Greek composer and guitarist

Apostolos Paraskevas is a Grammy nominated composer and guitarist. He was born in Volos, Greece. Parents of Apostolos were Panayiotis Paraskevas (1925-1990) and Chrysoula Paraskevas (1929-2002).

== Career ==
Apostolos Paraskevas is a published recording artist and recently an award-winning Film Director/Producer. Gold Level Award at the 2010 California Film Awards, Silver Screen Award in the 2010 Nevada Film Festival.

Classical Guitar Magazine/London acknowledged him as the only guitarist ever to have a major orchestral piece performed at New York's Carnegie Hall and the international press as the only musician who performed at Carnegie Hall in a Grim Reaper's outfit (Classical Guitar Magazine 2001)

He has received five First Prizes in International Composition Competitions. "Lukas Foss" Composition Competition 2000/USA, "Pappaioanou Composition" 1997/Greece, as well as performing with Lukas Foss at Carnegie Hall, Paraskevas has performed at Weill Hall/New York, Wertheim Performing Arts Center/Miami, Jordan Hall/Boston, Capella Hall/Russia, and the Athens Concert Hall/Greece etc. His eclectic compositional style arises as an idiosyncratic integration of seemingly conflicting influences – from avant-garde approaches to harmonic structure, form, and timbre, to pop-folk modal and rhythmical concepts – amalgamated into a personal evocative musical language, characterized by rhythmic verve, melodic grace, dramatic (and sometimes unexpectedly humorous) gestures, and ritualistic or theatrical elements-Groves Dictionary of Music

Paraskevas' profile is included in the State of the Axe publication by photographer Ralph Gibson as one of 80 most innovative living guitarists.

He is a professor of music at Berklee College of Music and a composer in residence at Northeastern University in Boston. Paraskevas was the founder and the artistic director (1990–2007) of the International Guitar Congress/Corfu.

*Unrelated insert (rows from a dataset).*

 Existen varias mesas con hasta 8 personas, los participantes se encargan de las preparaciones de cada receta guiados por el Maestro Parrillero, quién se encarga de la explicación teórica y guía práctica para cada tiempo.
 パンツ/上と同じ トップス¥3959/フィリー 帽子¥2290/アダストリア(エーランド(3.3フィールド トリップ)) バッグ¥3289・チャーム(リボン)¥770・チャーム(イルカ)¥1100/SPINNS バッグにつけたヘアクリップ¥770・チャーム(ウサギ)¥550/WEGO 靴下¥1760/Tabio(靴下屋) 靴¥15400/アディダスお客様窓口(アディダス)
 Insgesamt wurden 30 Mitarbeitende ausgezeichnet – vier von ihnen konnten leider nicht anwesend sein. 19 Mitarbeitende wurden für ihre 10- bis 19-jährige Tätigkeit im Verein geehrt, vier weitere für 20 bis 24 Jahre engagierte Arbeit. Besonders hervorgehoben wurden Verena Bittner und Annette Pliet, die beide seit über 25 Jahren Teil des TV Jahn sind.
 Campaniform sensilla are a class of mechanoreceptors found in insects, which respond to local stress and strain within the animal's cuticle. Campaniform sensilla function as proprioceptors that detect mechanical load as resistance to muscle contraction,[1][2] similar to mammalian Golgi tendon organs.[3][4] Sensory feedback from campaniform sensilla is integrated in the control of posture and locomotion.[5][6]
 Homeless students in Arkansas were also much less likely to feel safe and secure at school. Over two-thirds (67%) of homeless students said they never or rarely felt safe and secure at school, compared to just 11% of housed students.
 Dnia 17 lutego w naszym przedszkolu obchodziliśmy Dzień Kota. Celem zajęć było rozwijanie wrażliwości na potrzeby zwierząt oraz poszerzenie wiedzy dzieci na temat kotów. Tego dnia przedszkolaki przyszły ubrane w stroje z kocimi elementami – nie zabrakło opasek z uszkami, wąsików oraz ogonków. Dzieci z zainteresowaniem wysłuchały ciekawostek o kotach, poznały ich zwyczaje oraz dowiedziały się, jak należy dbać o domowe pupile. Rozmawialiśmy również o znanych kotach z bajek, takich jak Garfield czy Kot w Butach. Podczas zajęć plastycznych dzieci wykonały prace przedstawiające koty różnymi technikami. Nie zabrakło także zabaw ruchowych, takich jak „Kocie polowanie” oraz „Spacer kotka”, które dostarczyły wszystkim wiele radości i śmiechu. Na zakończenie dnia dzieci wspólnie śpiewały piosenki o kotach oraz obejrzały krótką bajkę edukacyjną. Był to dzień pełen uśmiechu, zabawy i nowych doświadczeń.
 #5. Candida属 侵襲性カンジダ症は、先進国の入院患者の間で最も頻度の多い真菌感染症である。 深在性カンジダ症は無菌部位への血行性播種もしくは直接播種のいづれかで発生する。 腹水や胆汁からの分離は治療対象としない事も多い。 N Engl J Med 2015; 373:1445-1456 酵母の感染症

Paraskevas' compositions and performances are published by Centaur and Bridge Records/USA, Berben/Italy, Schott/Germany, Silver Sickle Productions and PaNas(Greece). His works include seven guitar concertos, one concerto for flute and violin, several orchestral works, vocal music, string quartets, film music, solo music, and hundreds of works for the classical guitar.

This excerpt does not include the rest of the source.